Quick Start - Inya Docs

Prerequisites

Before you begin, ensure you have:

A valid API key (sign up on the vachana platform to generate API keys)
cURL installed, or an API client such as Postman

Speech-to-Text (STT)
Text-to-Speech (TTS)
Voice Cloning (VC)

REST
Realtime

Use a test audio file with the following requirements -

Format: WAV, MP3, OGG, FLAC, AAC, M4A
Sampling rate: 8 kHz – 44.1 kHz
Maximum duration: 60 seconds

Your First Speech-to-Text Request

Minimal example to transcribe a Hindi audio file:

curl -X POST https://api.vachana.ai/stt/v3 \
  -H 'Content-Type: multipart/form-data' \
  -H 'X-API-Key-ID: <API_KEY>' \
  -F audio_file='/path/to/your/audio.wav' \
  -F language_code=hi-IN

Replace these values:

<API_KEY>: Your Vachana API key
/path/to/your/audio.wav: Path to your audio file
hi-IN: Language code (see Language Codes for all options)

Expected STT Response

On success, you’ll receive a JSON response like:

{
  "success": true,
  "transcript": "नमस्ते, आप कैसे हैं?"
}

For real-time, low-latency transcription of streaming audio, Vachana provides a Realtime API.

Connection

Create a Realtime connection using your API credentials:

const ws = new Realtime("wss://api.vachana.ai/stt/v3", {
  headers: {
    "x-api-key-id": "<API_KEY>",
  }
});

Send Audio

Send raw PCM audio frames over the Realtime connection. Audio requirements:

Format: PCM 16-bit
Sample rate: 16 or 8 kHz
Channels: Mono
Chunk size: 1024 bytes per frame (512 samples)

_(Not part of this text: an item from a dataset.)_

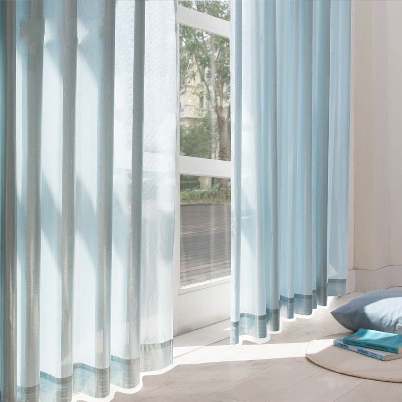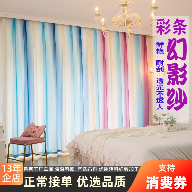 蓝粉紫米黄色彩条渐变鲜艳透光不透人幻影纱成品客厅阳台纱白窗纱

Client-to-server messages must contain only binary audio frames. Do not wrap the audio in JSON.

Expected STT Response

The server sends JSON text frames containing transcription segments:

{
  "type": "transcript",
  "timestamp": "2024-01-15T10:30:05.987Z",
  "text": "Hello, how are you today?",
  "audio_duration_ms": 2340,
  "segment_id": "seg_abc123",
  "segment_index": 1,
  "latency": 320,
  "detected_language": "en"
}

REST
Streaming
Realtime

Have your input text ready. You’ll also need a voice name — see Voice Options for available voices.

Your First Text-to-Speech Call

Minimal example for REST TTS (synchronous audio). This endpoint returns the full synthesized audio as a binary response.

curl -X POST https://api.vachana.ai/api/v1/tts/inference \
  -H 'Content-Type: application/json' \
  -H 'X-API-Key-ID: <API_KEY>' \
  -d '{
        "text": "नमस्ते, आप कैसे हैं?",
        "voice": "sia",
        "model": "vachana-voice-v2",
        "audio_config": {
          "sample_rate": 44100,
          "num_channels": 1,
          "sample_width": 2,
          "encoding": "linear_pcm",
          "container": "wav"
        }
      }' \
  -output response.wav

Expected TTS Response

A successful request will return a 200 OK HTTP status. The response body will contain raw binary audio data representing the synthesized text, adhering to the format specified in your audio_config.

HTTP/1.1 200 OK
Content-Type: audio/wav

<binary audio data>

This endpoint streams synthesized audio using Server-Sent Events (SSE). Audio is generated and delivered incrementally as it becomes available.

Your First Streaming Call

curl -X POST https://api.vachana.ai/api/v1/tts/sse \
  -H 'Content-Type: application/json' \
  -H 'X-API-Key-ID: <API_KEY>' \
  -d '{
        "text": "नमस्ते, आप कैसे हैं?",
        "voice": "sia",
        "model": "vachana-voice-v2"
      }'

Expected SSE Response

A successful request will return a 200 OK HTTP status. The response body will contain a stream of server-sent events. Each chunk contains base64 encoded audio fragments.

HTTP/1.1 200 OK
Content-Type: text/event-stream

event: audio_chunk
data: UklGRiQAAABXQVZFZm10IBAAAAABAAEAQB8AAEAfAAABAAgAZGF0YQAAAAA=

event: audio_chunk
data: //NkxAAAAANIAAAAAExBTUUzLjEwMKqqqqqqqqqqqqqqqqqqqqqqqqqqqqqq

event: completed
data: {"status": "success"}

For ultra-low latency applications, the Realtime API allows you to stream text input and receive synthesized audio continuously.

Connection

Connect using a Realtime client with the required authentication headers:

const ws = new Realtime("wss://api.vachana.ai/api/v1/tts", {
  headers: {
    "x-api-key-id": "<API_KEY>",
  }
});

Send Text

Once connected, send a JSON payload containing the text to synthesize.

{
  "text": "नमस्ते, आप कैसे हैं?",
  "voice": "sia",
  "model": "vachana-voice-v2"
}

Audio Stream Response

Upon successful connection, the server will return a 101 Switching Protocols status to establish the Realtime.Once the text payload is sent, the server will immediately begin streaming audio back as a sequence of binary Realtime frames containing the raw PCM audio data, terminating or keeping the connection open depending on the application context.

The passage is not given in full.